「これを、私に……?」
常に揺るぎない光を映す瞳がぱちぱちと瞬く。
彼の———光の戦士の手の中には、あたたかいピンク色のリボンで束ねられた小さな花束があった。
「そう、ライトさまかみのけしろくてきれいだから、しろいお花あつめたんだよ」
「このリボン、このお花にピッタリだからライトさまにもぜったいにあうとおもうんだ~。あたしのおきにいりだけどあげる!」
キャッキャとはしゃぐ幼い少女たちは、確か先日モンスターに襲われていたところをウォーリアオブライトが救った子たちだった。
小さく束ねられた白い花は、畑のそばで咲いていたものだろうか。
数年前、偶然全ての記憶を持ち合わせたままコーネリアに現界してからいくつもの季節をガーランドとともに過ごしてきた。
この花も何度か見たことはある。
もっともウォーリアオブライトは闘争しかない異界以外で生活するのは初めてだったので、花の名前どころか「人間の生活」を覚えるところから始まったのだが。
「ありがとう、大切にしよう」
「やった!ライトさまだいすきー!」
「またねー!」
手を振って駆け出す少女たちを見送り、光の戦士も家路につくべく立ち上がった。
傾いた太陽が雲間に溶けて混ざっていく。
まるで花に巻かれたリボンのように熟した空を見ながら、すっかりこの帰り道にも慣れてしまったなとウォーリアオブライトは目を閉じた。
「…………幼子どもに貰ったか」
「お前はあまりこの花が好きではないのか?毎年私が見ようとすると手を引くだろう」
「貴様はこの花の名前を覚えているか」
「覚えるも何もお前は教えてくれなかったぞ」
帰宅早々苦い顔をしたガーランドをじっとりと睨むと、猛者はため息をついて長く使われていない硝子のカクテルグラスを持ち出した。

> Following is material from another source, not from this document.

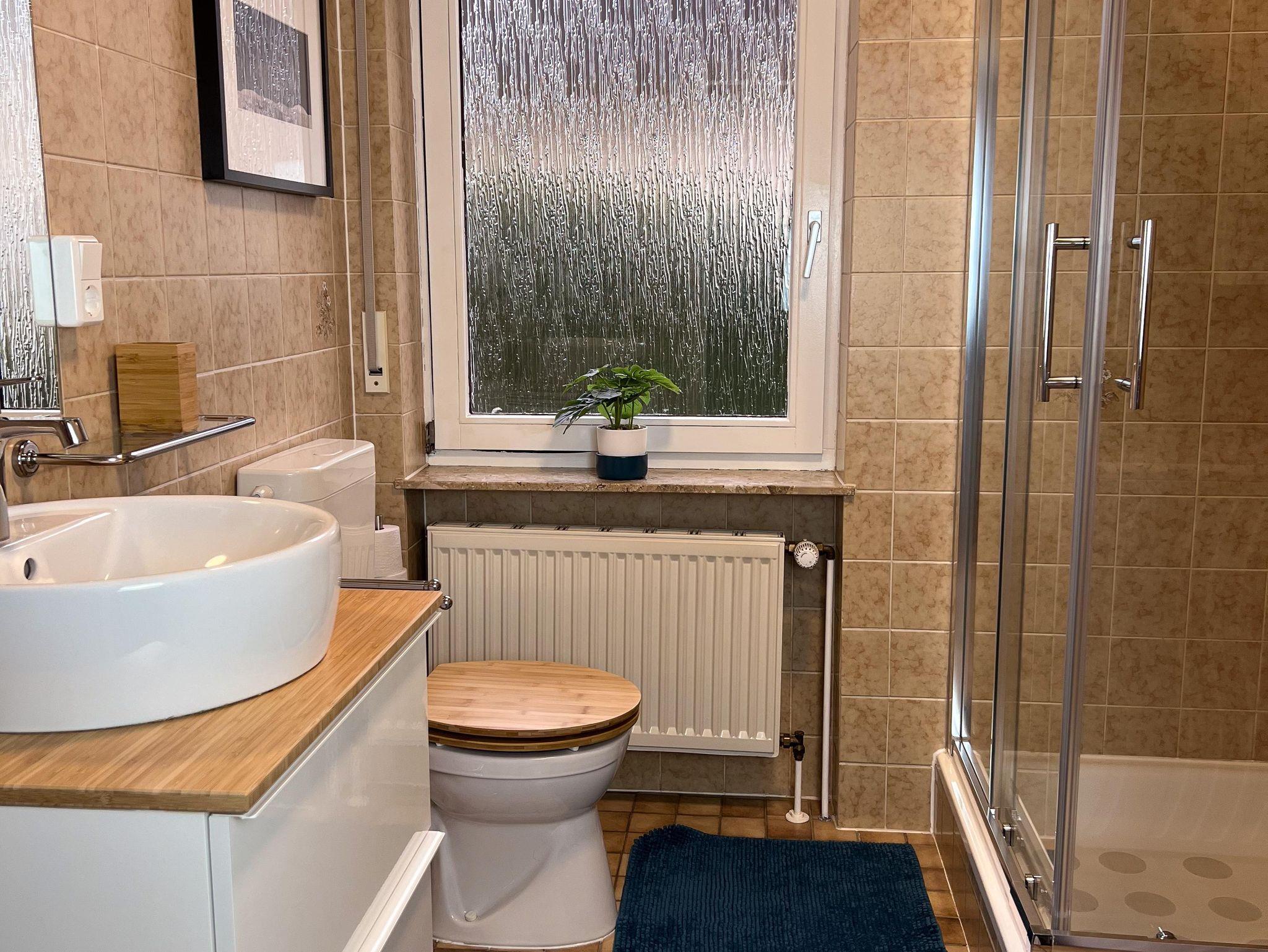 Auf rund 70 Quadratmetern bietet unser ruhiges Ferienhaus für 2 Personen ein Schlafzimmer mit Boxspringbett (Marke Jette Joop), ein großes Wohnzimmer mit Fernsicht und TV, einen großen Balkon, ein Badezimmer mit Dusche und WC, ein Gäste-WC und eine moderne, gut eingerichtete Küche mit Backofen, Mikrowelle, Toaster, Wasserkocher und Spülmaschine. Auch eine Waschmaschine ist vorhanden.

無骨で大きな手が小さな花束を摘むと、手際よく茎を切り落としてゆく。
古びたカクテルグラスがあっという間に小さな生花になり、味気なかった食卓に白い彩りが灯る。
「この花はコスモスという」
「コスモス、か……。………………さては花に妬いたか?」
「………………」
「お前、そういうところは本当に可愛いな」
「今すぐ手酷く犯されたいのか?」
「良いぞ、受けて立つ。……私が身も心も許すのはお前だけだと、何度でも実感してくれ」
優しく細められたアリスブルーが、ガーランドの心に染み渡っていく。
———この花は長らく苦手だった。
調和の女神の名を冠する花が咲く季節になるたび、花を見つめる優しい青年の横顔にチリチリと心の隅で闇が燻ってしまう。
まるで海のように咲き誇る花畑の中にひとたびこの光の青年が飛び込んでしまえば、そのまま花に包まれ二度と帰ってこなくなるような気がしてガーランドは毎年足を止めようとする青年の手を無言で引き続けた。
「……名は正直忌々しいが、この花が貴様によく似合うのも事実だ」
「そうか」
「幼子どもが花言葉まで知っておるとは思えんが、なかなか的を得ている」
「はなことば?」
「この色の布も、普段の装備を外した貴様にはよく似合っている。幼子の感覚というのも馬鹿にできんな」
花を束ねていたリボンを青年の手に返そうとしてやめた。
ガーランドは青年の背後に回ると、柔らかい毛並みをそっと撫でる。
懐かない手負いの猫のごとく激しい抵抗を繰り返した青年が、こうして大人しく身を委ねてくれるのが愛おしい。
大きな手を器用に丸めながら、ガーランドは青年の髪をまとめてリボンで束ねた。
「似合うぞ」
「そうか。なら毎朝お前に髪を結んでもらうとしよう」
「なに?!」
イタズラが成功したように笑うその顔は、闘争を繰り返していた輪廻では決して見られなかった表情で。
青年の歓びに色付く頬に唇を寄せる。